[Stored records]
§

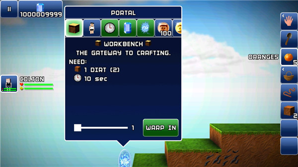 3. 工作台建造流程:需先制造基础工作台(WORKBENCH),才能解锁后续生产设施。具体步骤为:收集所需材料(如1单位DIRT泥土),返回出生点光圈处点击,选择制造选项即可生成工作台。完成后,工作台会出现在右侧栏,点击后角色将携带它,再点击地面任意位置即可放置。后续如工具台(TOOL BENCH)等高级工作台,则需通过已放置的工作台进行制作。
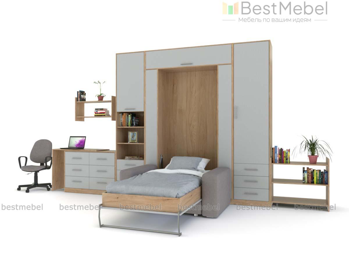 Шкаф-кровать Урбанист 03 BMS объединяет удобную систему хранения, комфортную зону отдыха и спальное место. Многофункциональная композиция, выполненная в сочетании нейтрального серого и теплых оттенков под древесный массив, станет отличным решением для небольших городских квартир и студий в стиле лофт. Шкаф с антресолью и боковыми отделениями для белья, одежды, книг и бытовых мелочей дополнен модулем с откидной кроватью и уютным диваном. Купить шкаф-кровать Урбанист 03 BMS по лучшей цене приглашаем к нам в интернет-магазин.
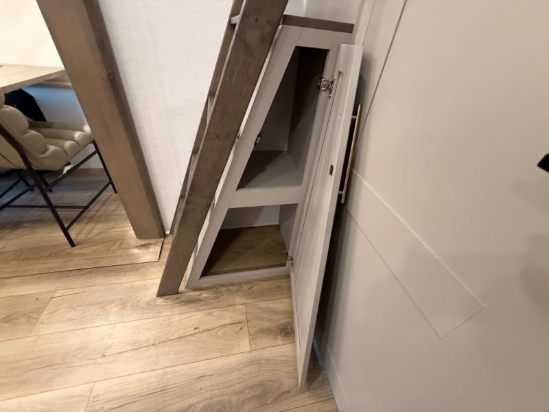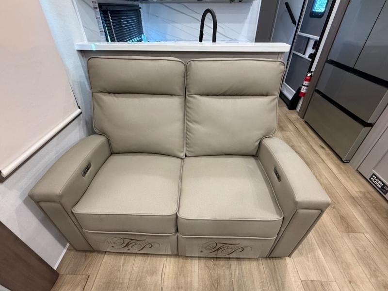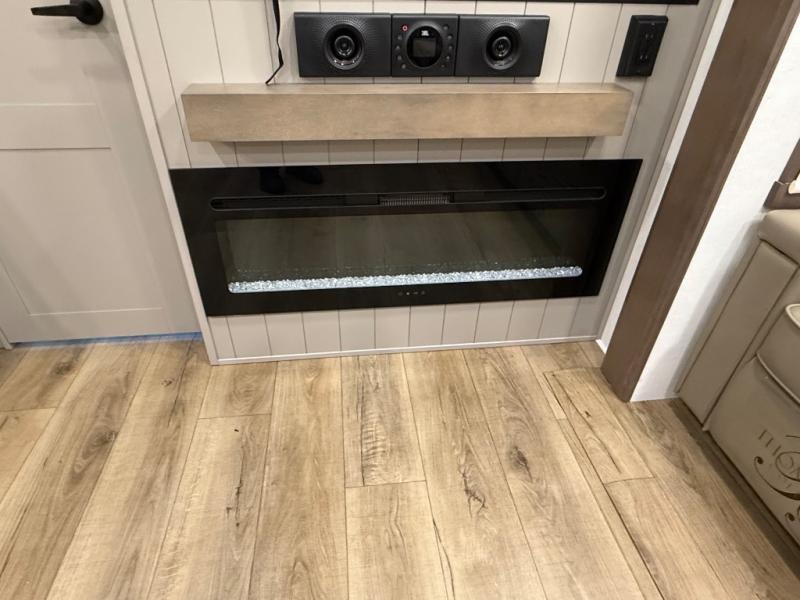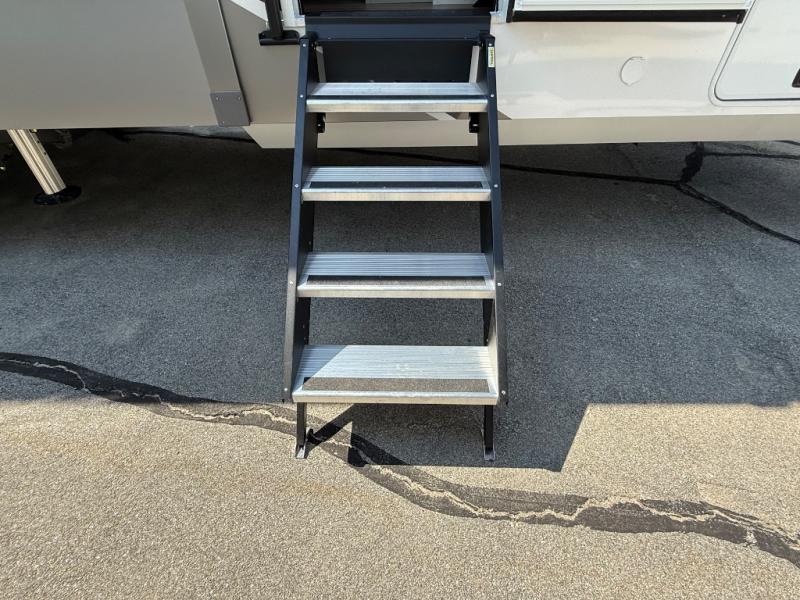A spacious unit with sleeping for eight with plenty of choices to suit everyone! There is a front private bedroom with a king size bed that offers a large full front closet that has also been prepped for a washer and dryer if you choose that option. The front bath features a 40" x 30" shower and dual entry. Head down to the kitchen and living space at the bottom of the stairs to find a curbside slide that houses the 19 cu. ft. residential refrigerator, a pantry, and a swivel table and desk. As you continue on toward the rear of this coach, you will find a spacious living area along the roadside with a 50" Smart TV and a fireplace, a sofa sleeper slide, and a dual reclining loveseat. This makes a great gathering place for television watching, game playing, and even added sleeping space if needed at night. The rear private bedroom with its own private bath features a queen bed, two closets, and a Smart TV as well. The multipurpose loft area above can be accessed just before this rear bedroom entry by a ladder, and it is perfect for extra storage, or it can be used for added sleeping that the kiddos are sure to love.
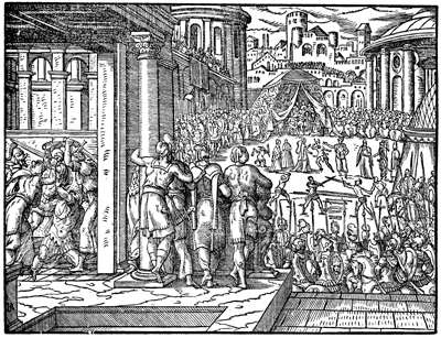 Book Title: Flauij Josephi, dess hochberühmpten jüdischen Geschichtschreibers, Historien vnd Bücher : von alten jüdischen Geschichten/zwentzig/sampt einem von seinem Leben : vom jüdischen Krieg/vnd der Statt Jerusalem endtlicher Zerstörung/siben : vom alten Herkommen der Jüden wider den Apion von Alexandria/zwey : von den Machabeern/oder vom Regiment der Vernunfft/eins : Alles auss dem vrsprünglichen griechischen Examplar sampt aller Bücher und Capitel summarischem Innhalt, mit höchstem Fleiss von neuwem verteutscht darzu mit Biblischen Concordantzen Jarrechnung ordenlichen Registern/und lieblichen Figuren geziert : mit Römischer Reys. Matest. Freyherr.
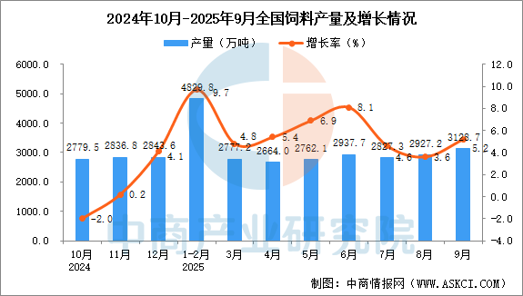 2025年9月全國(guó)飼料產(chǎn)量增長(zhǎng)情況
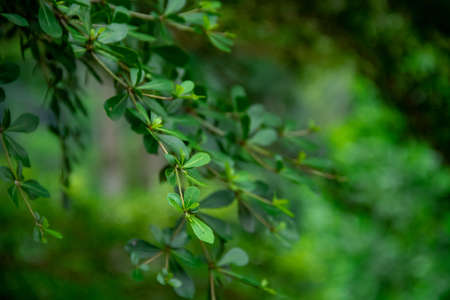 A macro photograph of a plant with small shiny leaves is similar to a legendary fantasy forest. Colorful juicy greens, perfect for the background. Soft photo processing
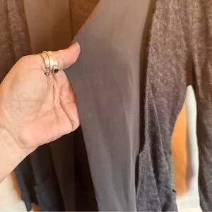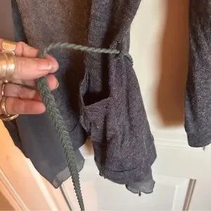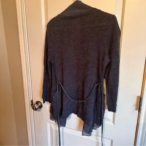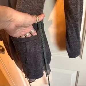 Bluebird Size L dark grey cardigan with sheer around edges and belt with belt loops. This cardigan is so ft it’s unbelievable!! It has a sheer fabric all around the edges and has pockets!!NWOT NEVER WORN
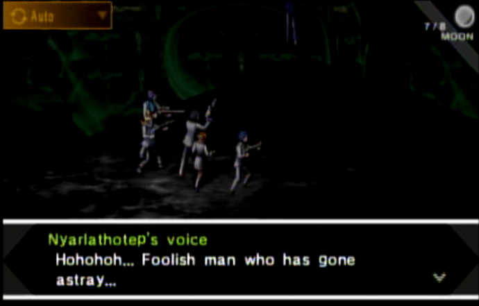 : Persona 2 also retcons this. Now, Nyarlathotep is a major villain and also the one pulling Jun’s strings. He apparently exists as an SMT demon in the Persona universe, the same way that Nyx did in Snow Queen.

§

ASSIGNED TASK
Transcribe exactly and only the lines from the top of the records through the line containing "Шкаф-кровать Урбанист 03 BMS объединяет", inclusive, and do not copy the pictures.

RESPONSE AREA
 3. 工作台建造流程:需先制造基础工作台(WORKBENCH),才能解锁后续生产设施。具体步骤为:收集所需材料(如1单位DIRT泥土),返回出生点光圈处点击,选择制造选项即可生成工作台。完成后,工作台会出现在右侧栏,点击后角色将携带它,再点击地面任意位置即可放置。后续如工具台(TOOL BENCH)等高级工作台,则需通过已放置的工作台进行制作。
 Шкаф-кровать Урбанист 03 BMS объединяет удобную систему хранения, комфортную зону отдыха и спальное место. Многофункциональная композиция, выполненная в сочетании нейтрального серого и теплых оттенков под древесный массив, станет отличным решением для небольших городских квартир и студий в стиле лофт. Шкаф с антресолью и боковыми отделениями для белья, одежды, книг и бытовых мелочей дополнен модулем с откидной кроватью и уютным диваном. Купить шкаф-кровать Урбанист 03 BMS по лучшей цене приглашаем к нам в интернет-магазин.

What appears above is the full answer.